The University of Hawaii women’s basketball team is rebuilding this season, but its schedule definitely isn’t.
It is still loaded.
The Rainbow Wahine will play three teams that finished last season in the Top 25 — No. 3 South Carolina (30-2), No. 9 Arizona State (27-5) and No. 21 Texas A&M (23-9) — in the first month of the season.
In one particularly grueling 13-game stretch, they will play six games against teams that had a combined 141-47 record.
Presumably the New York Liberty and other WNBA competition were unavailable during that period.
“Hey, we tried,” coach Laura Beeman deadpanned.
Overall, nine of UH’s 13 nonconference opponents had winning records last season, and there are so far no regular-season games against Division II opponents.
The Rainbow Wahine will also play five road games and two neutral-site contests before opening the Big West Conference season on Jan. 7 at Long Beach State.
In a pre- and post- Christmas stretch that takes them into conference, the Rainbow Wahine will play seven of 10 games on the road.
So much for easing into the 2015-16 season while the Rainbow Wahine seek to replace three starters plus their spark plug, Shawna Lei Kuehu, from a 23-9 team.
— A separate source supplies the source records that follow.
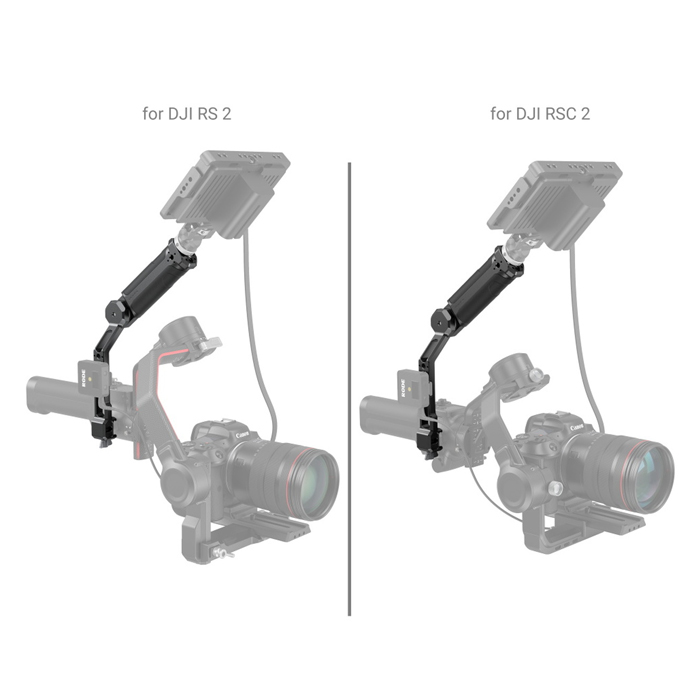 Features 1/4”-20 thread with locating holes which is compatible with DJI RS 2 original smartphone mount. The handgrip comes with a cold shoe mount on the top allows for attaching the Monitor Mount 2905, and the connection part features a cold shoe mount for attaching wireless go or sound receiver. The angle of the handgrip can be adjusted up to 180° via a ratchet knob and can be used as a side handgrip to meet the needs of different shooting scenarios.
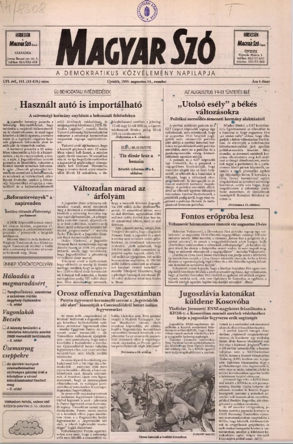 Magyar Szó, 56. évf. 1999. augusztus 14. 181. sz. 1–16. oldal
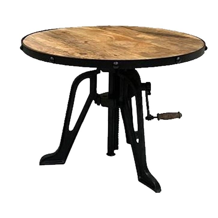 This exceptional Industrial Small Iron Crank Table is remarkably crafted from the most vital Indian Mango Wood, gives a striking light wood finish and a characteristic texture for that industrial design.
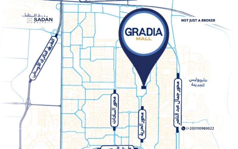 اختارت شركة البروج للتطوير العقاري موقع حيوي للغاية يخدم الكثير من الأفراد، على محور الحرية بالتحديد يتمتع جراديا مول الشروق سيتي بموقع استراتيجي يمكن الوصول إليه بسهولة من مختلف الأماكن لقربه من الدائري الأوسطي ومحور جمال عبد الناصر، ونأتي لتصميم المشروع الفريد المبتكر وفق التصاميم الأوروبية العصرية، حيث صممت المول بنظام المصاطب والـ Double Face مما يمنح المتواجدين إطلالات رائعة على اللاندسكيب.
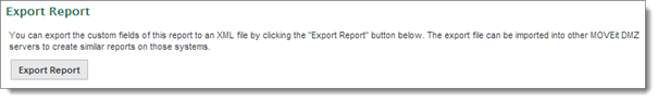 In addition to the Run Report section, the Export Report section appears on the Edit Report page for custom reports. This allows the current report definition to be exported to a file, which can then be imported via the process above. Click Export Report to generate an export file and send it to a browser, where it can be downloaded.
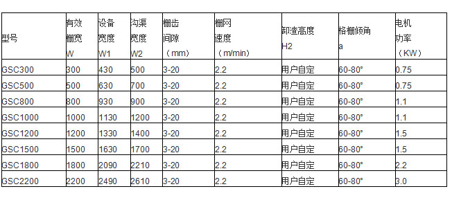四、格柵除污機(jī)主要技術(shù)參數(shù)
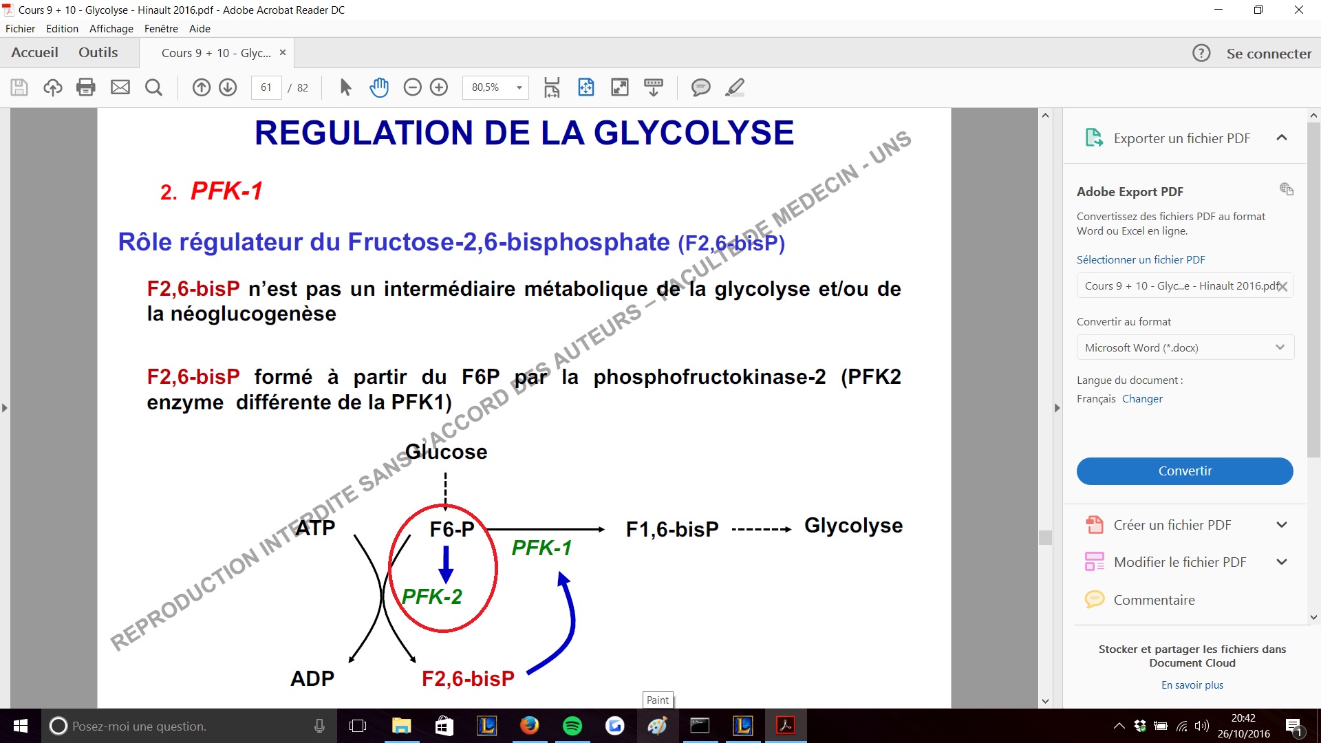- Cette régulation de la PFK-2 par le F6P est un léger détail, la prof le mentionne rapidement sur schéma

Beeman’s scheduling philosophy is both arduous and time tested. “Our preseason has to prepare us for the conference, and that’s what we’re always looking for,” Beeman said.
Many years UH’s strength of schedule is ranked in the top 20 when it emerges from the nonconference season. Last year UH finished 135th among 349 Division I schools.
Playing a high-caliber nonconference schedule hasn’t been easy on the Rainbow Wahine’s record and is unlikely to be this season either. But for all the bumps, it has come with something of a postseason insurance policy. With a strong strength of schedule, the Rainbow Wahine have qualified for the past three Women’s National Invitational Tournaments.
“Our goal is to not be in the WNIT,” Beeman said. “I’m tired of that, but that is the nature of the beast when you get only one team from your conference in the (NCAA) tournament if you don’t win the conference. So it is a balancing act.”
Meanwhile, we are left to see what kind of balance the Rainbow Warriors seek to strike in their first season under Eran Ganot with much of last season’s 22-13 team returning. While season tickets went on sale for both men and women Monday, the Rainbow Warriors have yet to announce their secrecy-shrouded schedule.
Indications are that whatever emerges will be a home-heavy lineup now that road games with San Diego State and California in the previously contracted Continental Tire Las Vegas Invitational have been bought out. A trip to Texas Tech is said to still be in the works.
The looming question is: How — and with whom — will the Rainbow Warriors fill in the pukas?
If they need any inspiration on that count, the Rainbow Wahine set a pretty good example.